İş insanı, sivil toplum aktivisti Osman Kavala’nın tutuklanmasının üstünden tam 1000 gün geçti. Gezi Davası’ndan beraat etmesine, iki kez tahliye kararı almasına ve Avrupa İnsan Hakları Mahkemesi’nin (AİHM) hak ihlali tespitine rağmen 1000 gündür Silivri Cezaevi’nde tutulan Osman Kavala’nın eşi Prof. Dr. Ayşe Buğra ve davanın avukatları bir basın toplantısıyla bu 1000 günü değerlendirdi.
Boğaziçi Üniversitesi hocalarından Prof. Ayşe Buğra, bu 1000 günü işkenceye benzetti ve şöyle dedi:
“Ben bütün bu yaşananları akıl ve mantık çerçevesinde yorumlayamıyorum. Bunlar Türkiye’de gerçekliğin kaybolduğunu düşündürüyor. Bu gördüğümüz şeyler bunun yargıdaki yansımaları. Bu ortamda makul şüphe, kanıt gibi kavramlar anlamını kaybetti. 1000 gündür özgürlüğünden yoksun olan Osman Kavala ne yapmış diye somut fiillere dayanan bir cevap yok. Bununla birlikte bu soruyu önemli bulmayan, ‘mutlaka bir şey yapmıştır da tutuklanmıştır’ diye düşünen bir kesim de var. Tutuklamalar sürecinde yaşanan acayiplikler böyle bir ortamda oluyor. Eşimin 1000 günlük tutukluluk sürecinde bazı medya organlarında asılsız ve kişiliğe saldırı niteliğinde haber ve yorumlarla karşılaştık. Bizim yaptığımız hukuki girişimler de sonuçsuz kalıyor. Bunlar toplumsal huzur ve refah açısından son derece zararlı. Bizim hayatımızdan çalınan 1000 günün telafisi imkânsız. Eşimin annesi oğlunu bir daha görüp göremeyeceğini düşünüyor. Yargı sürecinin acayipliklerinden rahatsızlık duymayanlar vicdani rahatsızlık duyarlar mı bilmiyorum. 1000 gün işkence süreci haline geldi.”

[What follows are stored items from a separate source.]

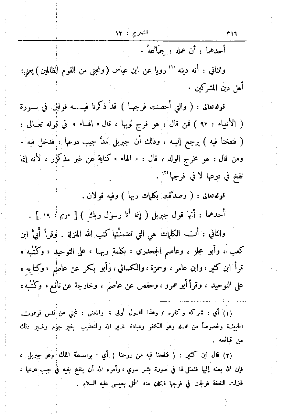 قوله تعالى والتي أحصنت فرجها قد ذكرنا فيه قولين في سورة الأنبياء 92 فمن قال هو فرج ثوبها قال الهاء في قوله تعالى فنفخنا فيه يرجع إليه وذلك أن جبريل مد جيب درعها فدخل فيه ومن قال هو مخرج الولد قال الهاء كناية عن غير مذكور لأنه إنما نفخ في درعها لا في فرجها
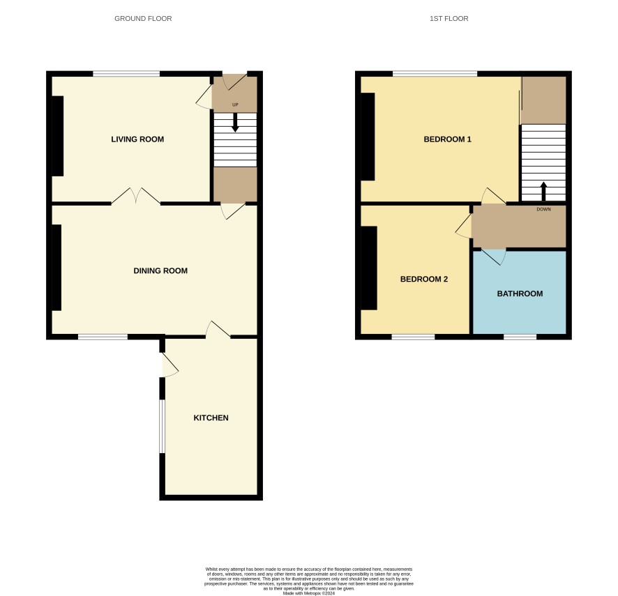 BED 1 – 3.9M X 3.6M BED 2 – 2.9M X 4.2M BATHROOM 1.9M X 4.2M
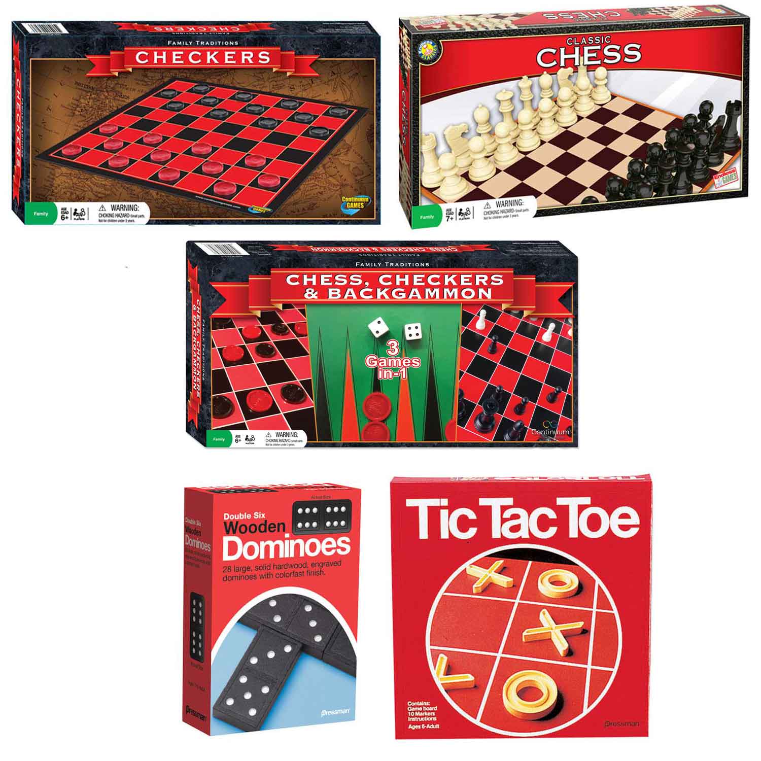 All the classic games in one convenient set. Includes chess, checkers, backgammon, tic tac toe, and dominoes.
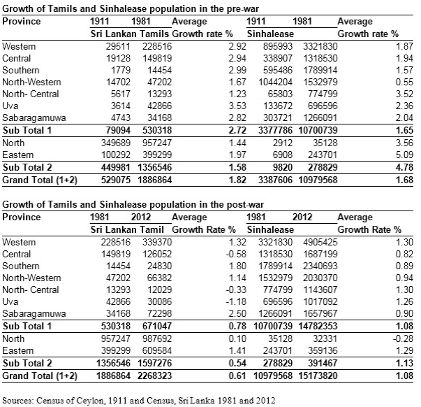 Secondly, please consider the following census growth tables from pre-war and post-war while also considering the mass emigration of Tamils. According to Dr. Dhammika Herath in Ottawa “Even during the 28 years of LTTE brutalities from 1981 to 2009, Sri Lankan Tamil population GREW in almost all the Sinhala dominating provinces as per following table. Particularly in the Western province where about 60 percent of the country’s GDP is generated, the Tamils grew by 1.32% per year from 228, 516 to 339, 370 where the majority Sinhalese grew at a lower rate of 1.30% per year. Western province is the heart of Sri Lanka and the so called ” Sinhala-Buddhist centric government policies pogroms, land grabs and ethnic cleansing” could have completely wiped out Tamils in the Western province. Lo and behold, in Western Province, Tamil population increased by 48.5% from 1981 to 2012 whereas the Sinhalese (so called perpetrator) increased ONLY by 47.6% during the same time.”
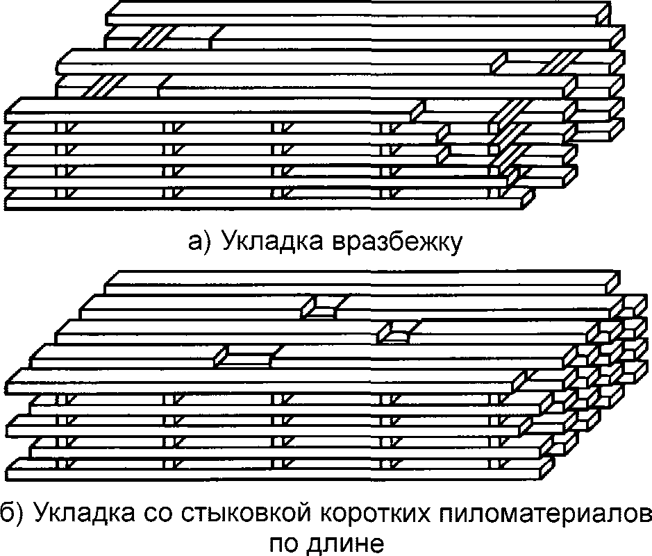 рисунок А.7 б) приложения А]. Торцы пакета должны быть выровнены. Не допускается стыковка коротких пиломатериалов в нижних рядах и крайних стопах пакета.

“Hukuki oyunlar oynanmıştır”
Basın toplantısında konuşan Kavala’nın avukatlarından Prof. Dr. Köksal Bayraktar hukuken oyunlar oynandığını söyleyerek süreci anlattı:
“Her şey 18 Ekim 2017 tarihinde başlıyor. Bu tarihte Osman Kavala Antep’ten uçakla geldiği İstanbul’da, havaalanında gözaltına alınır. 13 gün içinde önce gözaltı sonra uzatılan gözaltı süresi, 58 gün süren sorgulama, savcı önüne çıkarılmama ve sonra tutuklama… Bundan sonra hukuken adeta oyunlar oynanmıştır. Kavala için iki itham var: Anayasal düzeni zorla, cebirle ortadan kaldırmak ve hükümetin görevini yapamaz hale getirmek. 15 ay sonra iddianame tanzim edildi. Bu iddianameyle süren yargılama 18 Şubat 2020’de beraat ve tahliye kararıyla sona ermiştir. Bu tahliye kararından sonra Osman Bey’in evine gitmesi gerekir. Ama böyle olmadı. Osman Bey hakkında yeniden aynı gece yeni bir gözaltı kararı çıkmıştır. 20 Mart 2020 tarihinde devlet bu sefer tutuklama kararını değiştirdi ve yepyeni bir madde ortaya çıkardı: Casusluk suçu! Yargı organları maalesef ceza kanununun birbirinden ağır 3 maddesi etrafında dolaşarak o olmazsa diğer suç demiştir.”
“Siyasetin yargıya müdahalesi ‘otoyola’ dönmüş durumda”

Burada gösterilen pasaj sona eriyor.